Il sindaco che non dice mai no agli ultrà-chic

Il corteo contro i soprusi solo uno "spot" di Pisapia, ieri fischiato anche da San Siro

Il sindaco che non dice mai no agli ultrà-chic

Milano - Dire «no». Tanti no al momento giusto avrebbero davvero fatto la differenza nella Milano del caos. Il sindaco Giuliano Pisapia ha voluto vedere nel suo corteo-passerella di domenica la risposta della «città che dice no ai soprusi». Ma è stato solo uno spot, che ha convinto a malapena i suoi. E anche i milanesi, che ieri sera in 30mila lo hanno sonoramente fischiato a San Siro, mentre dava il calcio d'inizio alla partita di beneficenza «Match for Expo.

Ora, è chiaro che i devastatori del 1° maggio dovranno essere perseguiti personalmente. Ma è vero anche che prosciugare quel mare di simpatie di cui l'area antagonista gode da tempo avrebbe isolato i violenti, neutralizzandoli. E la sinistra milanese, molto chic e molto radicale (nel senso di estremista) in realtà ha detto molti sì e ha bofonchiato troppi «ni», finendo per legittimare il vasto mondo dei centri sociali. Si è avuto semmai l'impressione di tornare al «soccorso rosso», che difendeva e tirava fuori dai guai i militanti politici.

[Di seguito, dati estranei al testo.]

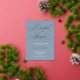 MYRA FOIL | Cette carte d'invitation à la douche nuptiale est conçue pour les mariages romantiques et/ou formels. L'arrière - plan bleu poussiéreux, la fabuleuse calligraphie de script en papier d'argent réel et le style formel du texte de copie combinés font de cette collection intemporelle un design parfait pour une papeterie mariage classique. Aussi un bon choix pour les mariages de contes de fées.
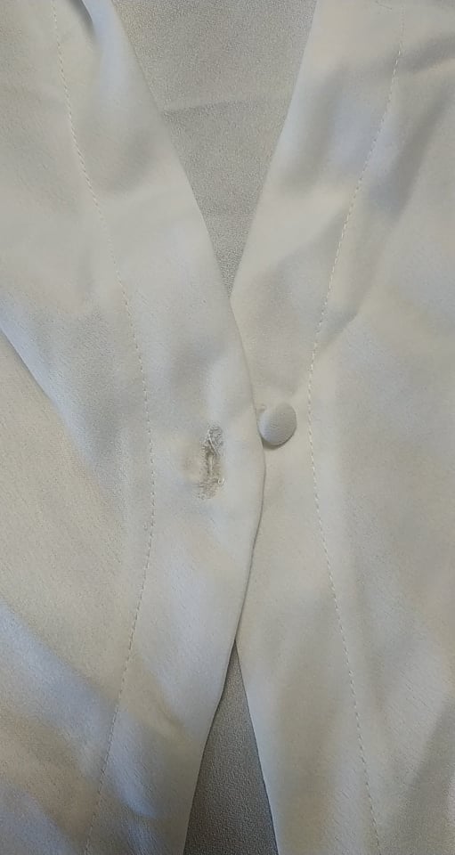 - defekt postrzępione obszycie dziurki od guzika

Il no ai soprusi non è stato detto, per esempio, quando un manipolo di anarchici ha occupato l'albergo in zona via Washington: Forza Italia non ha ottenuto neanche una firma dal centrosinistra sotto la mozione che ne chiedeva lo sgombero. Il no non è arrivato quando il collettivo Macao ha occupato la torre Galfa in pieno centro, e il sindaco è andato a dire ai «ragazzi» che sono «una risorsa». Ed è saltata solo pochi giorni fa in Comune la delibera che doveva «legalizzare» il «Leoncavallo». D'altra parte l'era Pisapia a Milano era iniziata con un assessore alla Casa che aveva pubblicamente affermato che «in caso di bisogno occupare non è reato». Ancora, il braccio destro del sindaco è Paolo Limonta, vicino ai centri sociali. D'altra parte, il presidente della commissione Sicurezza fino a poche settimane fa era un altro amico dei centri sociali, l'avvocato Mirko Mazzali, che dopo gli scontri ha ammesso che i colpevoli dei disordini «non sono fascisti». E lo stesso Pisapia ha assistito la famiglia di Carlo Giuliani, scrivendo la postfazione al libro dedicato ai fatti di Genova e descrivendo il giovane morto nel corso degli scontri come «un ragazzo che sognava un futuro migliore per il nostro Paese».

Grottesco è sembrato il monito di un altro assessore, l'aspirante sindaco Pierfrancesco Majorino (Pd): «Fuori dalle nostre liste chi pratica o tollera la violenza», accompagnato da una stentorea professione di fede non-violenta che è suonata come una gaffe. Il patriarca della non-violenza, Marco Pannella ha fatto risalire le esplosioni violente delle piazze ai frutti avvelenati «di una parte del '68», e ai «riflessi» per cui «i fini giustificano i mezzi». E il mondo che stava alla sinistra del Pci, per quanto imborghesito, è stato ingrediente decisivo nell'esperimento arancione del 2011.

Dietro la retorica della «città che reagisce», poi, c'è stata in realtà forte tensione. Non solo sulla paternità del corteo «Nessuno tocchi Milano», attribuita al sindaco e in realtà del Pd. È anche sul tema «No Expo e centri sociali» che il Pd vuole un taglio netto, fin da quando la sinistra arcobaleno ha fatto l'imperdonabile sgarbo di riempire due sale di Palazzo Marino per criticare l'evento proprio nel giorno in cui Matteo Renzi sbarcava a Milano per battezzarlo. E nel Pd adesso sono irritati, non tanto con Pisapia, quanto con il'ansia di visibilità dei suoi. «Il Pd è più avanti di una certa sinistra arancione e di qualche quotidiano che ne fa da velina». In piazza, per i renziani c'era il «partito della nazione», quello che gli arancioni e i centri sociali li vuole archiviare.